Ron Baalke baalke at zagami.jpl.nasa.gov
Tue Apr 14 11:59:09 EDT 2015


http://www.jpl.nasa.gov/news/news.php?feature=4549

NASA Mars Rover's Weather Data Bolster Case for Brine
Jet Propulsion Laboratory
April 13, 2015

Fast Facts:

* Conditions that might produce liquid brine in Martian soil extend closer 
to the equator than expected

* Perchlorate salt in soil can pull water molecules from the atmosphere 
and act as anti-freeze

* Presence of brine would not make Curiosity's vicinity favorable for 
microbes

Martian weather and soil conditions that NASA's Curiosity rover has measured, 
together with a type of salt found in Martian soil, could put liquid brine 
in the soil at night.

Perchlorate identified in Martian soil by the Curiosity mission, and previously 
by NASA's Phoenix Mars Lander mission, has properties of absorbing water 
vapor from the atmosphere and lowering the freezing temperature of water. 
This has been proposed for years as a mechanism for possible existence 
of transient liquid brines at higher latitudes on modern Mars, despite 
the Red Planet's cold and dry conditions.

New calculations were based on more than a full Mars year of temperature 
and humidity measurements by Curiosity.

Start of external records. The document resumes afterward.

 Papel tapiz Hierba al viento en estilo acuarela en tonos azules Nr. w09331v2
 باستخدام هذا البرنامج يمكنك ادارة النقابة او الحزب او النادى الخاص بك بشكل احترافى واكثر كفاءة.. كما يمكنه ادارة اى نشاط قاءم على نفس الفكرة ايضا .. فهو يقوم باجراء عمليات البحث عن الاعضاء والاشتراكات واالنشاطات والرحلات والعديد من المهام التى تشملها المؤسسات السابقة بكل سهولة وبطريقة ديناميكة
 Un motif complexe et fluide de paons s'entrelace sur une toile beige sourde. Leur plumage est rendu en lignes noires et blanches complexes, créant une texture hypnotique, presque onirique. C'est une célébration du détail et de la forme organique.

They indicate that conditions 
at the rover's near-equatorial location were favorable for small quantities 
of brine to form during some nights throughout the year, drying out again 
after sunrise. Conditions should be even more favorable at higher latitudes, 
where colder temperatures and more water vapor can result in higher relative 
humidity more often.

"Liquid water is a requirement for life as we know it, and a target for 
Mars exploration missions," said the report's lead author, Javier Martin-Torres 
of the Spanish Research Council, Spain, and Lulea University of Technology, 
Sweden, and a member of Curiosity's science team. "Conditions near the 
surface of present-day Mars are hardly favorable for microbial life as 
we know it, but the possibility for liquid brines on Mars has wider implications 
for habitability and geological water-related processes."

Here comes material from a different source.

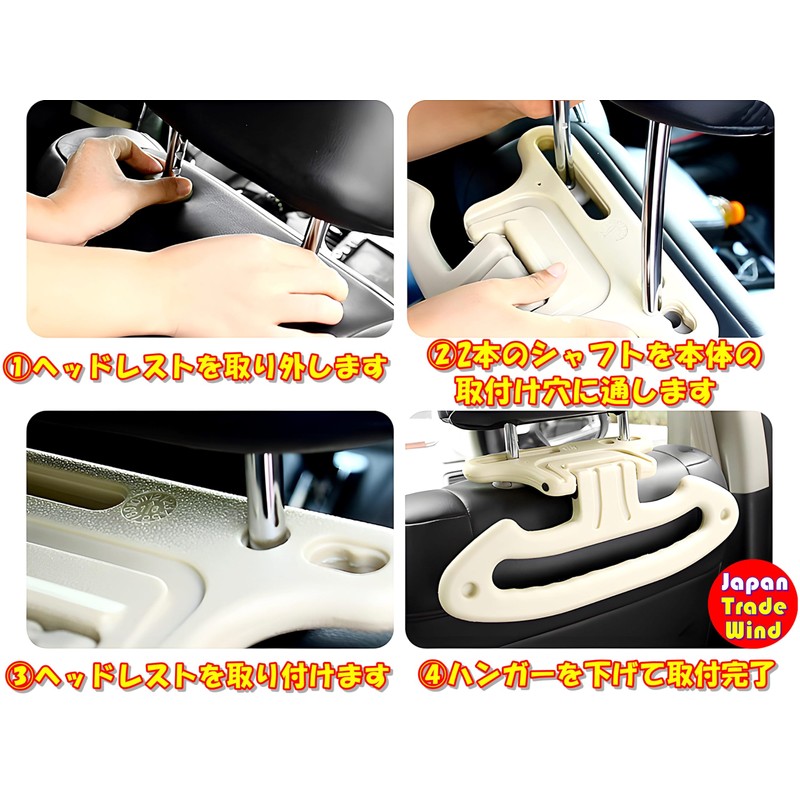 - Easy Installation: Remove the headrest and install the 2 shafts of the headrest through the mounting holes on the main unit, so it is easy for women to install. *If the headrest cannot be removed, such as electric headrests, it cannot be used
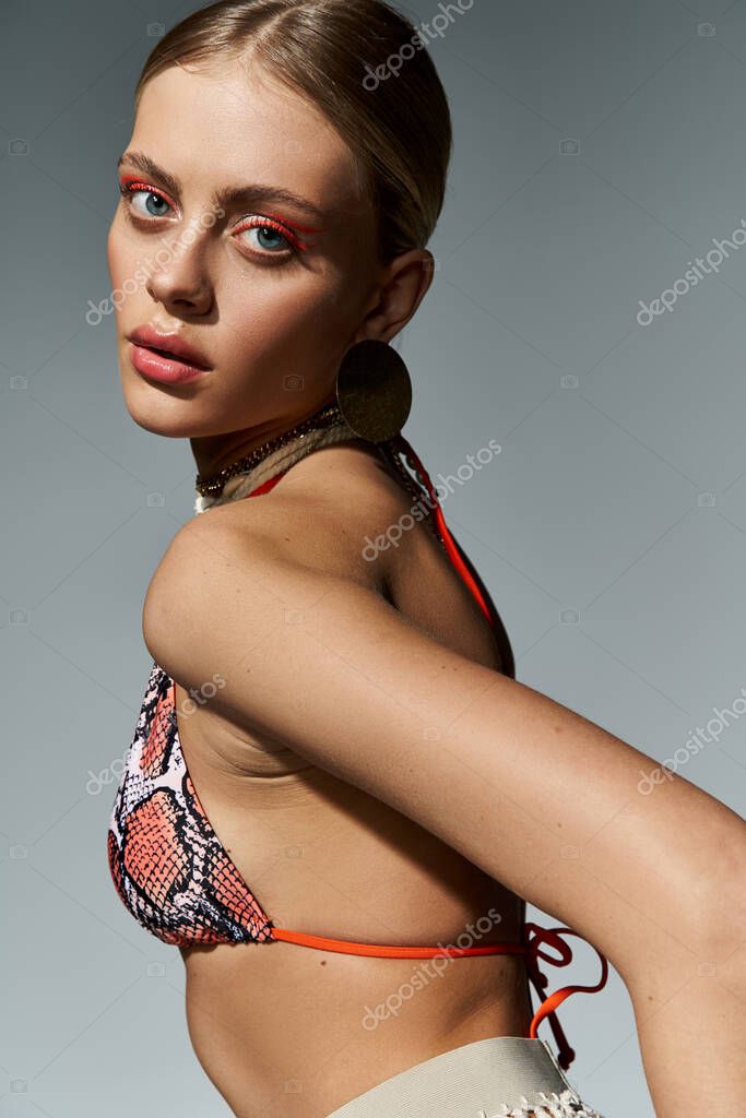 - A blonde woman in a stylish bikini strikes a pose for a magazine shoot.

The weather data in the report published today in Nature Geosciences come 
from the Cuirosity's Rover Environmental Monitoring Station (REMS), which 
was provided by Spain and includes a relative-humidity sensor and a ground-temperature 
sensor. NASA's Mars Science Laboratory Project is using Curiosity to investigate 
both ancient and modern environmental conditions in Mars' Gale Crater 
region. The report also draws on measurements of hydrogen in the ground 
by the rover's Dynamic Albedo of Neutrons (DAN) instrument, from Russia.

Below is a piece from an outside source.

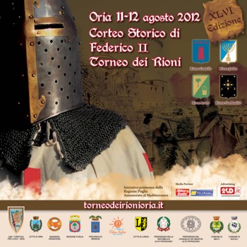 manifestazione, è al lavoro da tempo per preparare ogni cosa e far rivivere ai turisti che scelgono la Puglia per le loro vacanze una delle più importanti pagine di storia di questa terra antica dove molto ruota intorno alla figura dell’imperatore svevo che nel 1225 fede edificare proprio ad Oria uno dei suoi tanti castelli. Proprio intorno al maniero fridericiano è nato il “Torneamento” tra i quattro rioni della città: Castello, Judea, Lama e Santo Basilio.

"We have not detected brines, but calculating the possibility that they 
might exist in Gale Crater during some nights testifies to the value of 
the round-the-clock and year-round measurements REMS is providing," said 
Curiosity Project Scientist Ashwin Vasavada of NASA's Jet Propulsion Laboratory, 
Pasadena, California, one of the new report's co-authors.

Curiosity is the first mission to measure relative humidity in the Martian 
atmosphere close to the surface and ground temperature through all times 
of day and all seasons of the Martian year. Relative humidity depends 
on the temperature of the air, as well as the amount of water vapor in 
it. Curiosity's measurements of relative humidity range from about five 
percent on summer afternoons to 100 percent on autumn and winter nights.

Air filling pores in the soil interacts with air just above the ground. 
When its relative humidity gets above a threshold level, salts can absorb 
enough water molecules to become dissolved in liquid, a process called 
deliquescence. Perchlorate salts are especially good at this. Since perchlorate 
has been identified both at near-polar and near-equatorial sites, it may 
be present in soils all over the planet.

Researchers using the High Resolution Imaging Science Experiment (HiRISE) 
camera on NASA's Mars Reconnaissance Orbiter have in recent years documented 
numerous sites on Mars where dark flows appear and extend on slopes during 
warm seasons. These features are called recurring slope lineae, or RSL. 
A leading hypothesis for how they occur involves brines formed by deliquesence.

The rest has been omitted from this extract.